If I'm hashing size-constrained similar data (social security numbers, for example) using a hash algorithm with a larger byte size than the data (sha-256, for example), will the hash guarantee the same level of uniqueness as the original data?
views:
241answers:
5If you're using a cryptographic hash like SHA, then the short answer is yes.
You can always create a customized hash that guarantees uniqueness. For data in a known domain (like SSN's), the exercise is relatively simple.
If your target hash value actually has more bits available than what you're hashing, the hash simply maps input values to one of the available output values. This will be a simple linear mapping from input value as a multi-byte integer to the output as a multi-byte integer.
When your target hash value has fewer bits than what's being hashed, then uniqueness cannot ever be guaranteed.
One key feature of a cryptographically secure hash function is that you are safe from collisions beyond reasonable doubt, regardless of the input. This is also valid for input shorter than the output's size, which is the same of a longer message with little entropy. So you can use SHA-2 without worrying about collisions.
The probability of a hash collision has nothing to do with the size of the input string (except to the extent that it indicates how many inputs you need to keep uniqueness among). It's possible to have a hash collision when you hash 0 and 1 using a perfect hash algorithm, although the possibility is 1/(2^bit-length). Which in the case of SHA-256 is effectively zero.
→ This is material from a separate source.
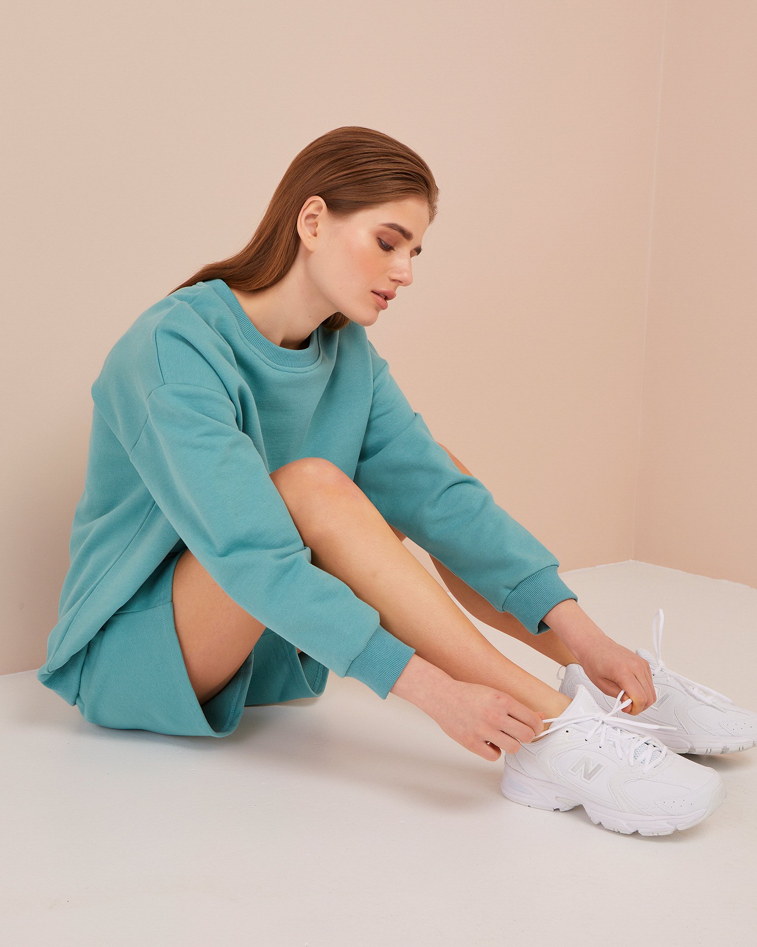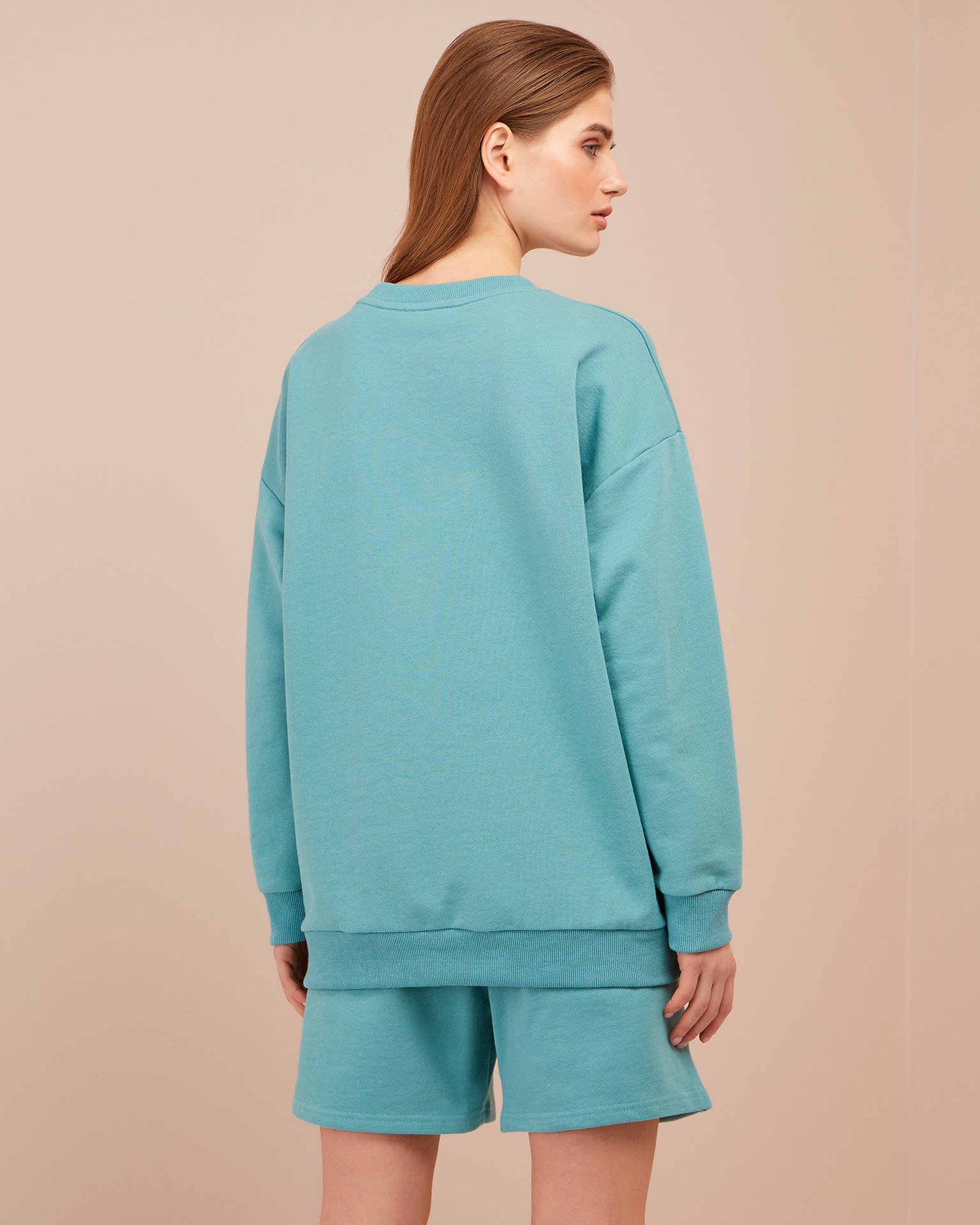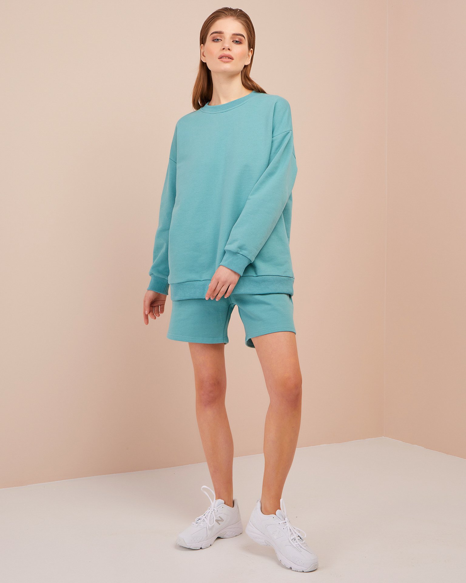 An oversized jumper with long sleeves and a dropped shoulder line. Cuffs, hem, and round neckline are finished with ribbing. Wide bermuda shorts reaching mid-thigh, with an elasticated waist. The trendy set can be paired with chunky trainers, Dr. Martens-style boots, or lightweight white plimsolls. Both pieces can be worn separately. The shorts paired with a classic white t-shirt create the perfect casual summer look. The sweatshirt with jeans is a timeless, versatile outfit. Composition: 100% cotton Model's measurements: Height 173 cm, bust 86 cm, waist 59 cm, hips 90 cm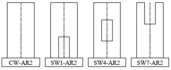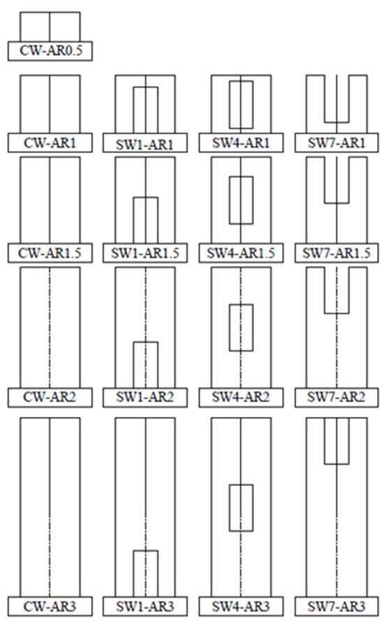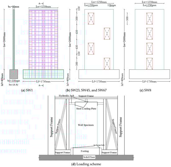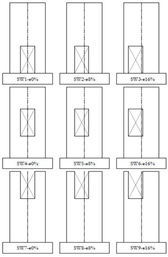 - Wang, J.; Sakashita, M.; Kono, S.; Tanaka, H. Shear behaviour of reinforced concrete structural walls with eccentric openings under cyclic loading: Experimental study. Struct. Des. Tall Spec. Build. 2012, 21, 669–681. [Google Scholar] [CrossRef]

Hash collisions are a birthday paradox problem. In the case of a 256 bit hash, the probability of a collision among two inputs is purely dependent on the count of inputs and is:
- 1 - (2^256)! / ((2^256^inputcount) * (2^256-inputcount)!) or as others have said -- basically zero for reasonable numbers of inputs.
Others have pointed out that collisions should not be a concern; that is the whole point of cryptographically secure hash functions. I would just like to add the following:
- If your input set is small enough (e.g. data is SSN -- there are less than a billion of them), then the absence of collision is amenable to verification: just test it exhaustively.
- If the input set is too big to be exhaustively scanned, then it is expected that the absence of collision cannot be proven. Good hash functions are expected to act as random oracles, and on a random oracle you cannot prove such a property without trying exhaustively. Being able to prove the absence of collision would suspiciously look like a weakness of the function.